== What is expected ==
Although the data below contains pictures, output only the lines between those holding "4、如果英雄角色不太够,玩家可以点击招募,招募强大的英雄为你战斗。" and "and tap Save.", inclusive, exactly and without those pictures.

== Given records ==
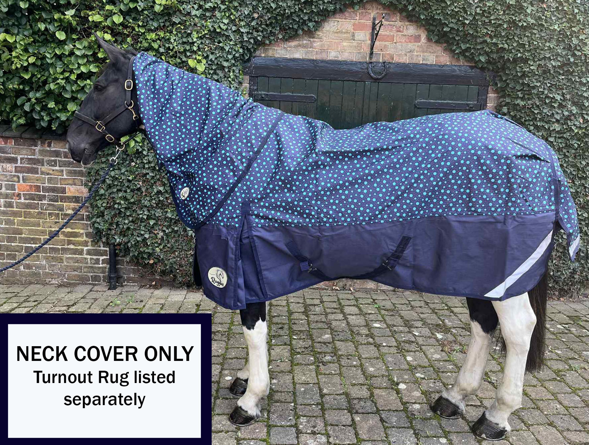 Constructed from 1200D waterproof and breathable Teflon™ coated material, it features a soft nylon lining to keep the coat smooth and reduce rubbing. The Velcro fastenings attach securely to the turnout rug - listed separately. Double Velcro straps on the underside ensure a fitted attachment, with a flap over to protect. An elastic element at the poll helps prevent slippage and shields against rain and wind.
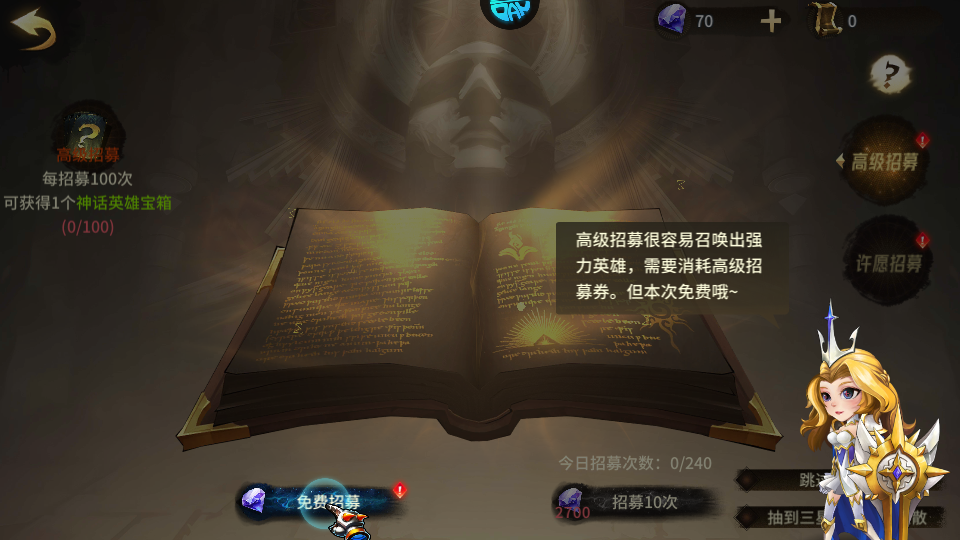 4、如果英雄角色不太够,玩家可以点击招募,招募强大的英雄为你战斗。
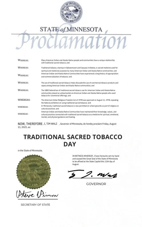 Suzanne Nash petitioned the Governor’s office to recognize August 11, 2023 as Traditional Sacred Tobacco Day.
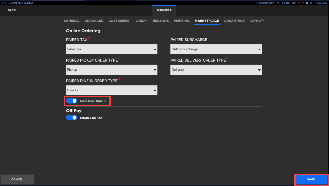 - Toggle "Save Customers" to On (blue) and tap Save.
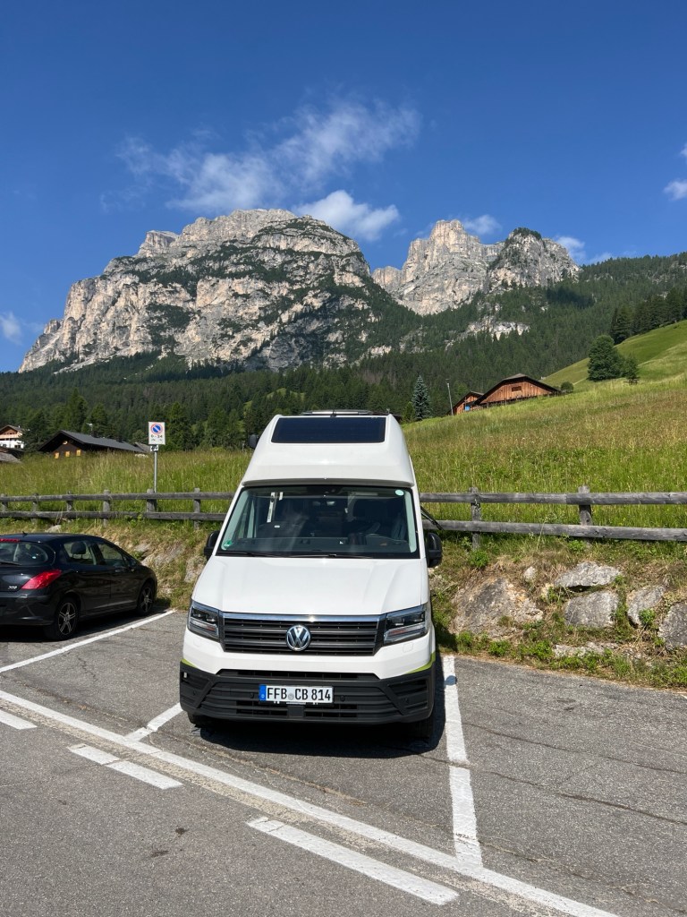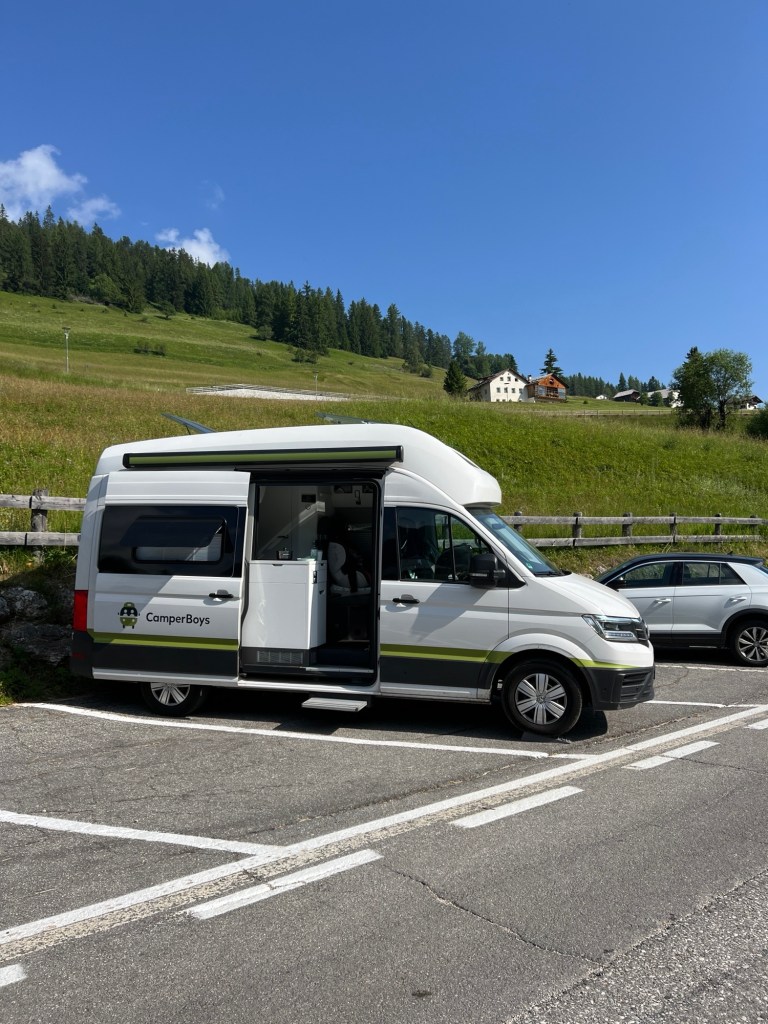 Wir brechen auf zur „sagenhaften Welt des Toni“ am Rittnerhorn. Ein Erlebnispfad, den Bodo als Zwischenstopp für die lange Fahrt zur nächsten Wanderregion in der Schweiz rausgesucht hat. Damit wir die Strecke nicht in einem Rutsch durchfahren müssen, war es Bodos Idee, diese durch familien- und vor allem kinderfreundliche Aktivitäten aufzulockern. Der Toni Pfad klingt vielversprechend, liegt allerdings auf einem Berg in der Ferne. Um ihn zu erreichen müssen wir die schönen Dolomiten hinter uns lassen. Hierfür gilt es mehrere Pässe rauf und wieder runter zu fahren. Ich fahre und Bodo liest etwas zu lange am Handy, während wir uns gerade 2000 hm einen Berg hinunterschrauben. Ihm wird dabei sehr flau im Magen. Wir machen die Fenster, auf aber das reicht noch nicht. Ein paar Laugen-Cracker sollen helfen. Aber wirklich besser wird es erst als wir auf der Landstraße unten im Tal sind und eine längere Strecke mal nur geradeaus fahren. Bis wir uns den nächsten Berg hocharbeiten und mal wieder unzählige Kehren bewältigen müssen, geht es ihm zum Glück schon wieder besser.

== Written answer ==
 4、如果英雄角色不太够,玩家可以点击招募,招募强大的英雄为你战斗。
 Suzanne Nash petitioned the Governor’s office to recognize August 11, 2023 as Traditional Sacred Tobacco Day.
 - Toggle "Save Customers" to On (blue) and tap Save.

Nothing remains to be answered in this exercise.